The Clyde Valley retains a variety of environments such as from urban and industrial landscapes to boggy wetlands, coastal and upland slopes. The way in which people interact with the environment around them can be interpreted archaeologically in a variety of ways, from evidence of felling trees and reforesting, straightening, channeling and canalising rivers, ecological systems have been altered continually for thousands of years.
Tipping’s essay Living with Environmental Change –Towards an Environmental History of Clydesdale firstly identifies there has not been a large scale review of climatic change within Clydesdale which is unfortunately still true as archaeological science has not utilised the study area in relation to these issues (2015, 3). Tipping discusses coastal change, climate change, vegetation and land use change and geomorphological change, this chapter will add emphasis on contemporary and future climate change and the effects on communities currently residing within the Clyde Valley. Future projections of coastal and river flooding will directly affect communities within the Clyde Valley but will also impact historic sites on land and within the Clyde Estuary which we need to address.

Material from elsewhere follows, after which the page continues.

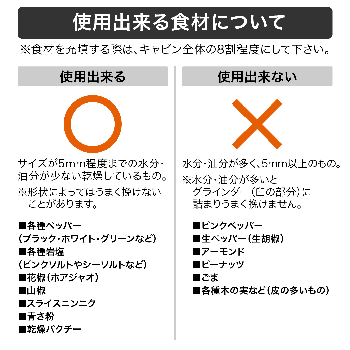 ●粒度の粗さ調節ができるので、お料理を引き立てる最適な粒度をチョイスできます。

The new actions to adapt to future climate change gives an opportunity to archaeologists for further research from developments of new windfarms, reforestation projects and river restoration. Future environmental change will also force action on archaeological sites either sitting within the plains of future floods, upon unstable hillslopes or within changeable estuarian muds. This chapter has not been collated to cause panic about future climate scenarios but to show how archaeology can be utilised to create community resilience.